My hubby feels the same, but doesn't say...

OP posts:
crostini · 30/07/2023 12:34

Bit much to decline a party invite in two weeks cos you've got stuff to do around the house. I think that's rude and strange. I think you've gone into major irritability mode due to pregnancy; it's normal! But maybe try to bare it in mind and fight against it

Zanzibarz · 30/07/2023 12:34

Absolutely not being unreasonable, love. Pregnancy can really turn up the dial on our emotions, but it sounds like you've got a proper case of the in-laws overstepping their boundaries. Have a chat with your hubby about it, yeah? It's alright to put your foot down and say no, especially now when you've got a little one on the way. You're not being difficult, you're just looking after yourself and your bub. Hang in there!

Blobblobblob · 30/07/2023 12:35

I can't believe some of the replies on this thread!

OP is not rude or even ND for wanting some boundaries!!

Why shouldn't she decline a party if she doesn't want to go? It's that simple. You don't want to go don't.

The PIL sound pushy and rude, they should not be trying to dictate like this.

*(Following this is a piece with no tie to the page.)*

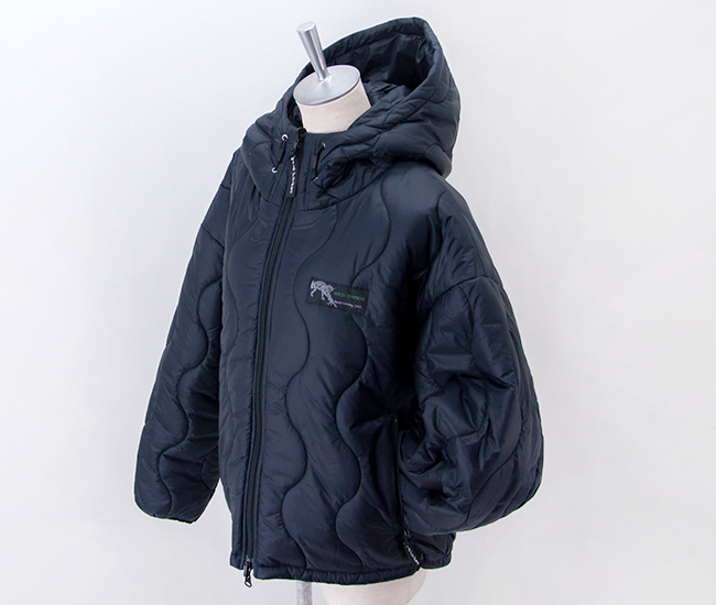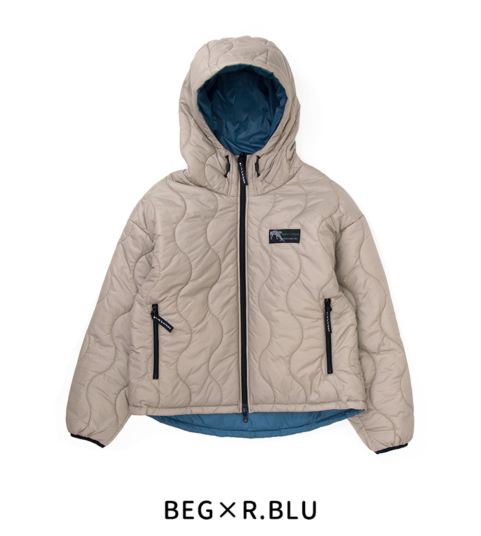 WILD THINGSより、リバーシブル ビレイジャケットが届きました! リバーシブルの中綿フードジャケットです。20Dのナイロン糸を使用した非常に軽く柔らかい生地で、リップストップで織ることで薄手の生地ながら耐久性に優れており、撥水加工により水にも強くなっています。プリマロフトブラックインサレーションは100%再生素材を使用した高性能の断熱中綿で、暖かく撥水性、耐久性に優れています。 表側は往年のWILD THINGSで人気を集めた波キルトに、WILD CATの旧ロゴ復刻ネームでレトロアウトドアな雰囲気に。裏側はステッチを表に出さず、ロゴもリフレクタープリントで、ソリッドで現代的な雰囲気となっています。ポケット内からドローコードで裾を絞ることができ、シルエットの変化も楽しめます。アーカイブと現代のWILD THINGSのデザインが融合し、それぞれを楽しめる工夫がされた1着。タウンユースはもちろんアウトドアシーンでも活躍してくれるオススメのアイテムです。

crostini · 30/07/2023 12:36

Ok on second thoughts - wtf is a family history party? I wouldn't want to go to that either😂

Blobblobblob · 30/07/2023 12:36

The husband agrees with her but is a spineless, silent coward apparently... Going by her update

neilyoungismyhero · 30/07/2023 12:37

I've read a few posts like this and you feel how you feel.
I think it's sad really that families don't want to get together or have to make appointments months in advance to visit. How long would the niece have stayed? a hour or so probably- time for a cup of tea and a piece of cake and a chat about the family goings on. You seem a tad rude really the way you're behaving with your in laws; there might come a time when you need their support without an appointment lets hope they're a little more gracious.

TomatoSandwiches · 30/07/2023 12:38

I don't think I've read what other posters have since I agree with you op, they sound suffocating.

Nowthenhere · 30/07/2023 12:42

Why are you doing all the life admin? If my partner's cousin messaged me I would simply reply "hi, do you have my partner's contact details?"
If my MIL asked me if a cousin had contacted me I wouldn't dance around the houses. I'd challenge her back and demand to know why she thought it was acceptable to arrange something not at her home, for someone you don't know and without speaking to her own son.

You have your own friends/life to be organising, this is just taking over your time which you're never going to get back.

If MIL asks about the party say "I don't know, what did your son say?" And when she replies "nothing" say - well there's your answer then!

NewMumsy0086 · 30/07/2023 12:43

Exactly that, I'm left with all the corresponding, when I do have family of my own to help look after and fit in. I just find it all overwhelming sometimes.